To truly halt and reverse deforestation, we need a consensus on the definitive role of carbon market credits from standard-setting bodies, as well as stronger guidance on disclosure protocols for credits and how they relate to carbon-neutral claims.
The quality of carbon credits should also be made more transparent, says a recent report from the Global Financial Markets Association (GFMA), with stringent and transparent baselining and Measurement, Reporting and Verification (MRV) standards so that market participants can better identify projects that suit their goals. What’s more, to track global progress toward the Paris Agreement goals – and accelerate the transition to a net-zero economy – fragmentation across regions needs to be reduced through interoperability between carbon markets and the establishment of a unified global registry. This would make credits more liquid, and facilitate the trading process.
The legitimisation of these markets cannot come quick enough. The demand for carbon credits is expected to increase by a factor of 15 or more by 2030 and by a factor of up to 100 by 2050. In order to reach the 1.5-degree warming target, we need a voluntary carbon market that is global, transparent, verifiable, and environmentally sound, today.
In order to address some of these challenges, Treeconomy deploys satellite and Light Detection and Ranging (LiDAR)-derived data to measure a woodland’s ecosystem services – providing an additional layer of granularity to carbon offset volume and natural capital calculations.

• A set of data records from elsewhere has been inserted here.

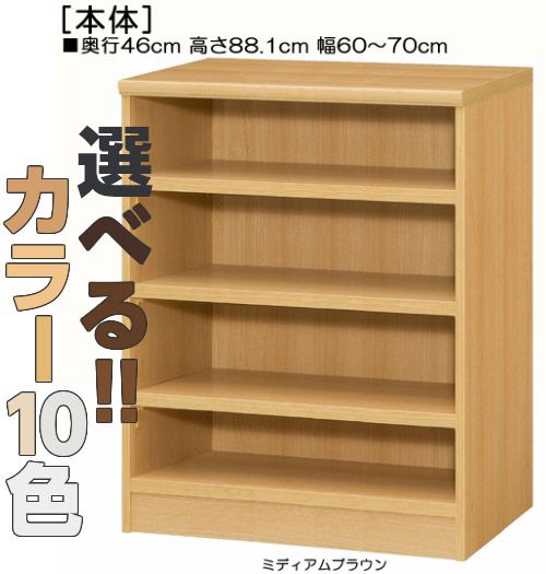 本棚、書棚 既成品に無いサイズ!横幅を1cm単位でオーダー!棚板厚さ2.5cm 本棚。 奥行46cm×高さ88.1cm×幅60〜70cm
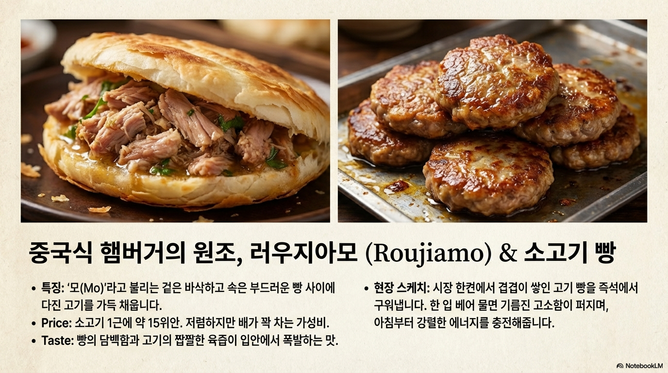 화덕에서 막 구워낸 뜨끈한 빵(馍) 사이에 장시간 조려낸 고기를 채워 넣는 '중국식 햄버거'입니다. 시장에서는 '하오츠더 다지아모!(好吃的大夹馍!)'를 외치는 상인들의 목소리가 끊이지 않을 만큼 인기 있는 메뉴입니다. | 고기만 넣는 것보다 파나 고수 등 채소를 추가하면 느끼함을 잡고 풍미를 더할 수 있습니다. |
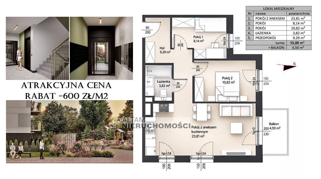 - pokoju dziennego z aneksem kuchennym: 23,81 m²
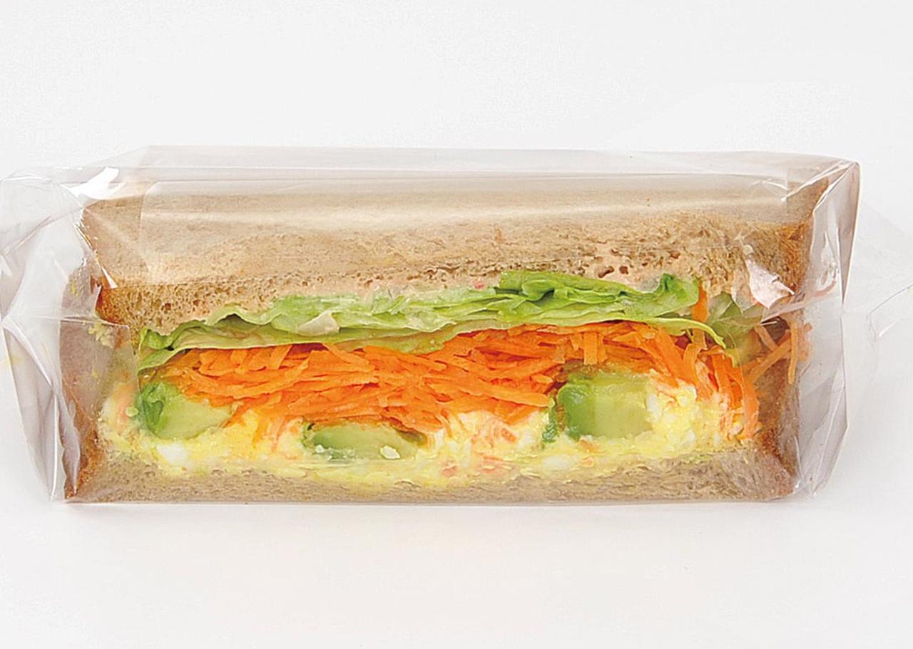 アボカド、人参、レタス、たまごサラダに、オーロラソースを組み合わせ、全粒粉の食パンに挟んだサンドイッチ。
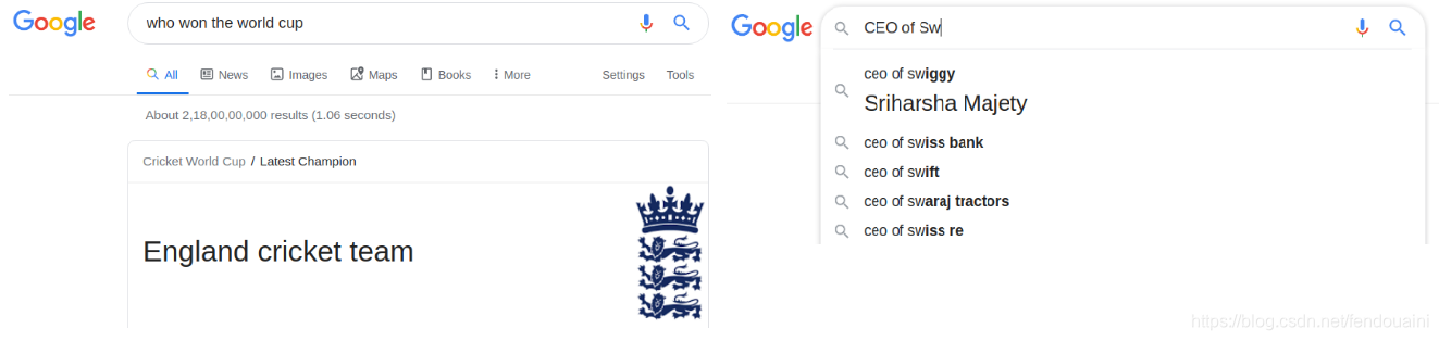首先,Google迅速确定了实体(world cup)和动作(won)。在第二个查询中,在得到结果之前,我甚至还没有完成句子!你认为Google如何理解这些查询背后的上下文?这是一个令人着迷的想法,我们将在本文中对其 讲解。我们将了解根据搜索查询如何生成这些有意义且相关的结果的核心思想。是的,我们甚至将深入研究Python代码并动手实践。让我们开始吧!

The firm then connects rural landowners to the carbon offset market – compressing the supply chain and providing a new source of income from trees. This approach offers reliability, transparency, and a much-needed incentive for afforestation. Such projects are key to valuing nature, slowing down deforestation and saving our ecosystems.
Valuing our carbon sinks
In 2020, the tropics lost 12.2 million hectares of forest cover – that’s half the size of the UK. So long as these natural environments, the world’s greatest carbon sinks, are not properly valued in our financial systems, they will continue to be destroyed.
Legitimising the carbon markets and securing a sufficient tax on carbon – above the opportunity cost of deforestation – is a big part of the battle. According to the Environmental Defence Fund, if the market system was active across the planet, and if cost savings generated by carbon markets were re-invested in climate mitigation, CO2 emission reductions over the next 15 years would go up “from 77 billion tons in the non-trading base case to 147 billion tons in a scenario with full global emissions trading.”
In short, if the planet has any hope of being saved, trees must become more valuable alive than they are dead.